Questions continue to be raised over Chinese ownership of Southampton as Premier League probes takeover

  • China’s Gao Jisheng’s ownership in question
  • Club currently sits 17th in the Premier League standings
The tidal waters that lap the shores near St Mary’s Stadium mirror the fortunes of the Premier League football club found within – calm one day, a tempest the next, occasionally fogbound.

A decade ago this month, Southampton FC nearly sunk. Saddled with £27.5 million (US$35.9 million) of debt, the club was relegated into League One and also placed into administration. As punishment for chronic financial mismanagement, the football authorities fired a ten-point penalty deduction torpedo into the boardroom. The Saints were going the same way of King Henry VIII’s Mary Rose warship, which capsized in the nearby Solent in 1545.

April 2009 was without doubt the 125-year-old club’s mense horribilis. Yet from the depths of despair, the Saints rose rapidly phoenix-like – rebounding with successive promotions back into the EPL in 2012.

Back in the big time, the minnows claimed top six scalps, nurtured and sold top players, reached a cup final and played European football. High-profile managers came and went but the Saints marched on regardless. The club’s saviour, Swiss businessman Markus Liebherr – a rare benign specimen among rapacious foreign owners – suddenly died in 2010, a year after buying and saving the club from oblivion, and ownership was handed to his daughter, Katharina, who abided by his wish to keep the Saints in EPL heaven.
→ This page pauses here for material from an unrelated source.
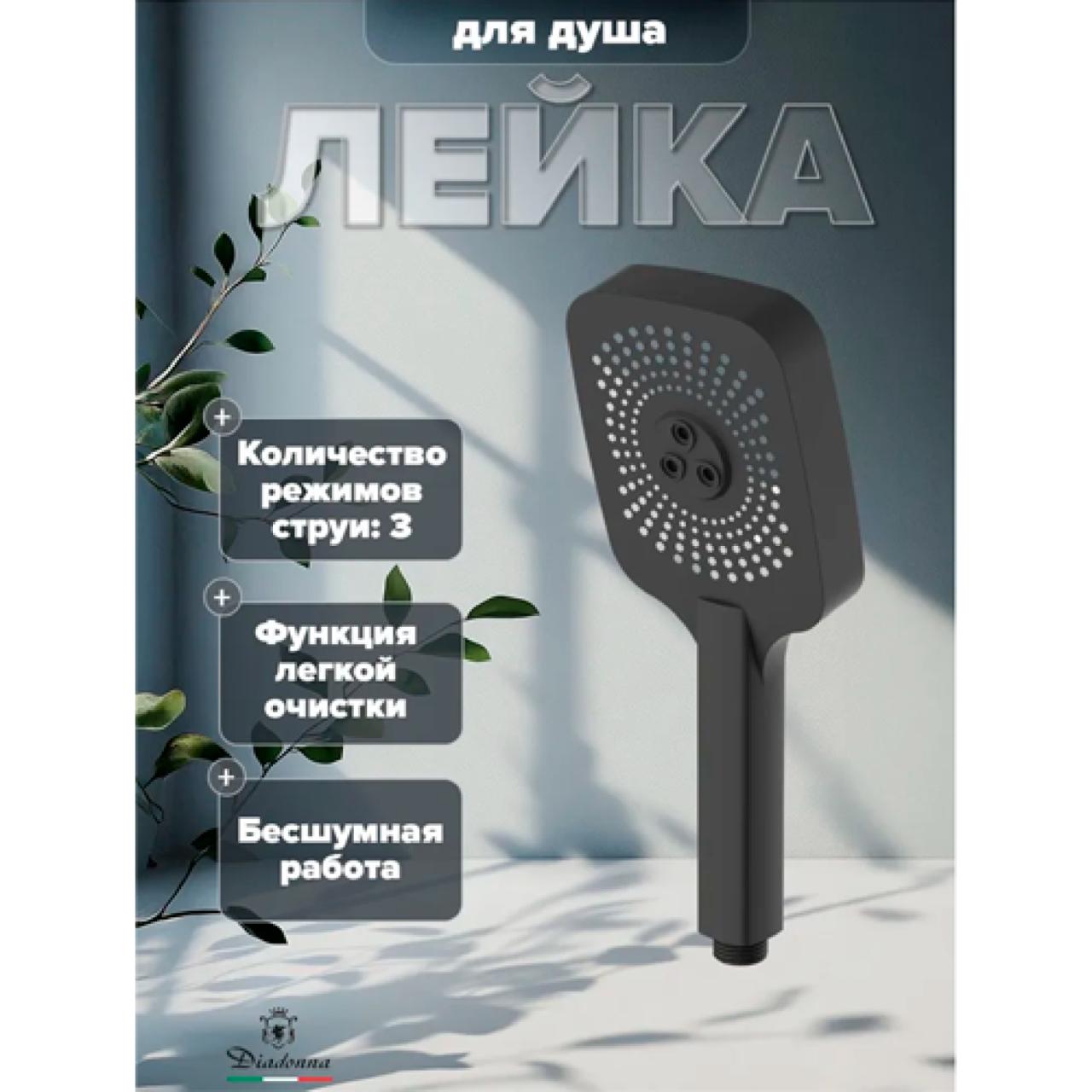 D10-19040BL Лейка для душа изготовлена из высокопрочного ABS-пластика. Цвет: черный. Количество режимов: 3. Диаметр резьбы: 1/2. Душевая лейка 3-режимная. Прочное покрытие защищает поверхность от царапин и сколов. Подойдет для использования в обычных ваннах и душевых кабинках. Гальваническое покрытие корпуса устойчиво к воздействию химических средств.

Gao Jisheng became majority own of Southampton in August 2017. Photo: Peter Simpson

A whirlwind decade later, the club is once more tottering on the brink of relegation, murky business-dealing question marks again hang over the stadium, and from the East has blown a nebula of obfuscation and secrecy that has choked the Saints’ signature ambitious navigation.

It was claimed this week the EPL is probing whether the Chinese state has gained a significant stake in the English south coast club after its majority shareholder owner, the billionaire real estate mogul, Gao Jisheng, sold a 30 per cent controlling stake of his Shenzhen-registered sports investment vehicle, Lander Sports, to the state-owned Chengdu Assets Supervision and Administration Commission, CASAC, for 1.3 billion yuan (US$194 million).

Photo: Peter Simpson

CASAC is one of the independently-run regional branches of the centrally-governed Assets Supervision and Administration Commissions, which manage government companies across all sectors, from real estate, to finance, heavy industries, cultural attractions and the media.

Lander Sports was to be the investment arm used to take control of Saints in 2017. But the deal was blocked by the EPL board because Gao failed its “fit and proper person” test. The EPL had learned Gao had twice been involved in corruption cases in China.
What it does expose is the tremendous gaps in knowledge of how business is conducted in China, and Gao’s ownership poses a moral dilemma for Saints fans
Fraser Howie

Employing a team of top business lawyers, Gao out-manoeuvred the EPL, setting up and registering Lander UK with Companies House in London, and using “his own money” to buy from Katharina Libber an 80 per cent stake for £210 million.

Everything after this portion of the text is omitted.